Sorry for the short chapter today. It just felt like it reached the proper length, besides the revelation at the end made a good stopping point.

Thanks for all the reviews...I wouldn't be doing this one without the interest so this is your story.

All characters belong to either Doyle or Stoker I choose to give credit where it is due.

thanks!

Bart


The Case of the Resurrected Flatmate

Chapter Four

You were still at your desk when I arrived back at the top of the stairs. The manner in which you were scribbling away was frenzied as if you were driven.

I was in no shape to carry on a discussion, my entire world had shifted in just those few hours, what were the Nosferatu, what did Constable Ferris say about the dead getting up and walking, why did Lestrade bellow about Gypsies, what did the Romani have to do with anything?

The question that over arched all was, how were you alive, dear Watson, by every definition I know you were a dead man the night before, and yet here you were seated at your cherry wood desk as you had been so many times before hard at work.

We were about to embark upon the most singular murder investigation of my career, yours. I must say a murder investigation abetted by the murdered was a unique experience indeed.

~o0o0o0o~

Holmes stared at his flatmate, everything empirical told him that he was looking at a dead man, but this was a corpse showing a remarkable amount of animation.

"What was that about?" Watson asked as he turned a page and started anew.

"It was nothing that need concern you, my dear Watson, just some gentlemen I sent away until a more decent hour."

Watson nodded and bent back to his work.

"Holmes you need to have a seat, I can hear your bloody heartbeat across the room," Watson remarked rubbing the side of his cheek with the pen in a heart wrenchingly familiar gesture that Holmes had taken so for granted.
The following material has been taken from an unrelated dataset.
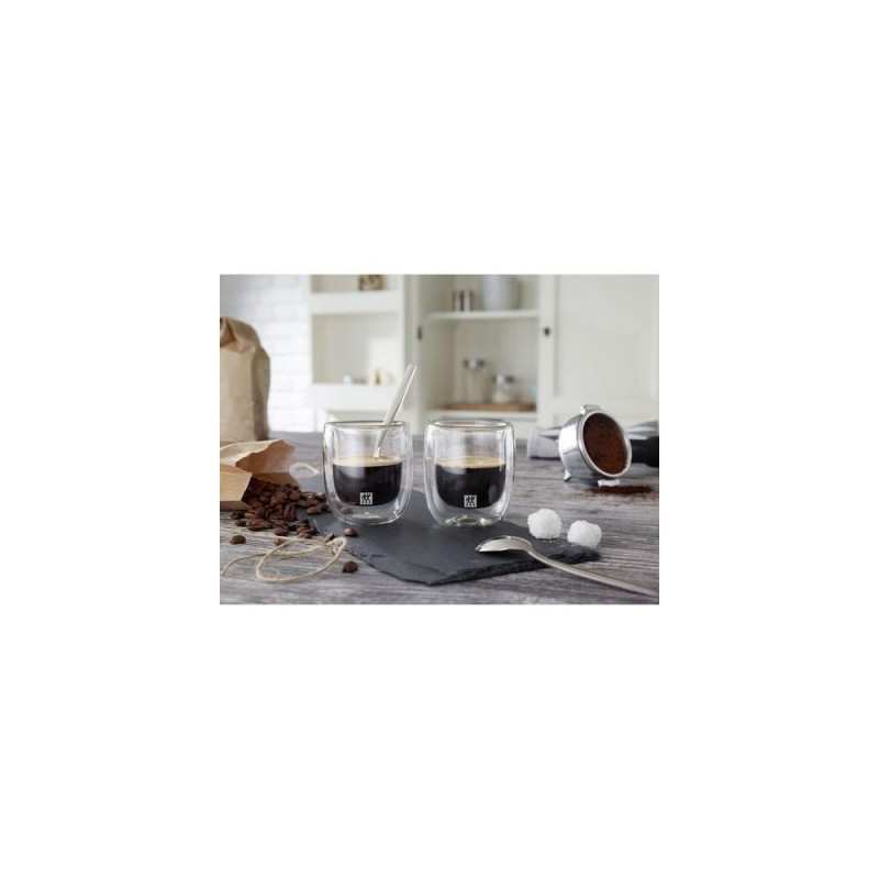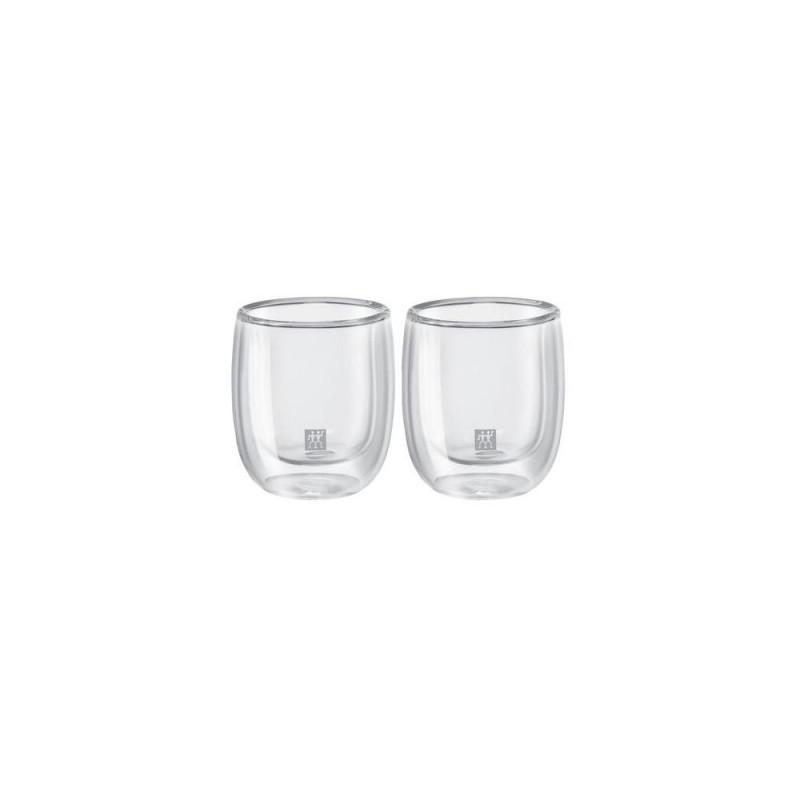 The high-quality espresso glasses from ZWILLING SORRENTO series leave nothing to be desired for lovers of Italian coffee specialities. Whether in the early morning, after lunch or simply in between: The special design sets new standards for stylish coffee drinking. The high quality of the glasses is demonstrated, among other things, by the fact that each glass is handcrafted and mouth-blown. The borosilicate glass used is not only durable, but also particularly heat-resistant. While the low weight of the glasses makes them pleasant to hold, the double-walled design has several advantages. Both cold and hot drinks retain the desired temperature for longer - just as espresso should. At the same time, fingers are protected from burns. With the double-walled espresso glasses, in which the coffee seems to float, sophisticated functionality meets exceptional design.ZWILLING 39500-075. Product colour: Transparent, Material: Borosilicate glass, Form factor: Round. Volume: 80 ml, Width: 63 mm, Depth: 63 mm

Holmes crossed the distance and poked Watson in the back.

"Holmes! What the devil are you doing?" Watson spun in the seat his eyes flashing with anger.

Holmes walked over to the brandy decanter and poured himself a large glass. "I was trying to ascertain if I had ingested a hallucinogenic substance, what, might I ask, do you recall about your movements last evening?"

Watson seemed to drift off a moment. "I cannot recall much, it is all in a haze."

Holmes drank half the glass and offered his flatmate one.

"Please, Watson, a recounting of your actions may shed some light on this anomaly," Holmes encouraged as Watson accepted the drink, the man sniffed the substance, wrinkled his nose and sat it to the side as he recalled, "I had departed the underground, and decided to walk a bit before I hailed a cab, the night was a bit foggy but mild, I was passing my journey pleasantly enough, when I heard a woman's cry...I turned to give aid...and I cannot recall anything else until I awoke on a slab in the basement of the Yard in an embarrassing disrobed state."

Watson sighed. "I have no idea why I was mistaken for dead; I might have been injected with something to mimic the state, but why would someone do such a thing?"

Holmes decided that it was time for truth. He pulled a chair over to his flatmate. "Watson, you were dead, by any and every definition, a substance that would cause a perceived suspended animation would have worn off after a few hours, and yet you have had men of medical persuasion studying you for the entire day, there was no blood circulation, no heartbeat, even if it were a temporary state you would indeed be brain dead from the lack of oxygen."

Watson scoffed. "That is preposterous! I am clearly alive, a dead man cannot walk about, think for himself, pick up a pen and write, do any of the activities that I have engaged in these last few hours."

Holmes suddenly knew the question he needed to ask. "Watson, have you ever heard of Nosferatu, or the Undead? The visitors that just departed were called that by Mrs. Hudson."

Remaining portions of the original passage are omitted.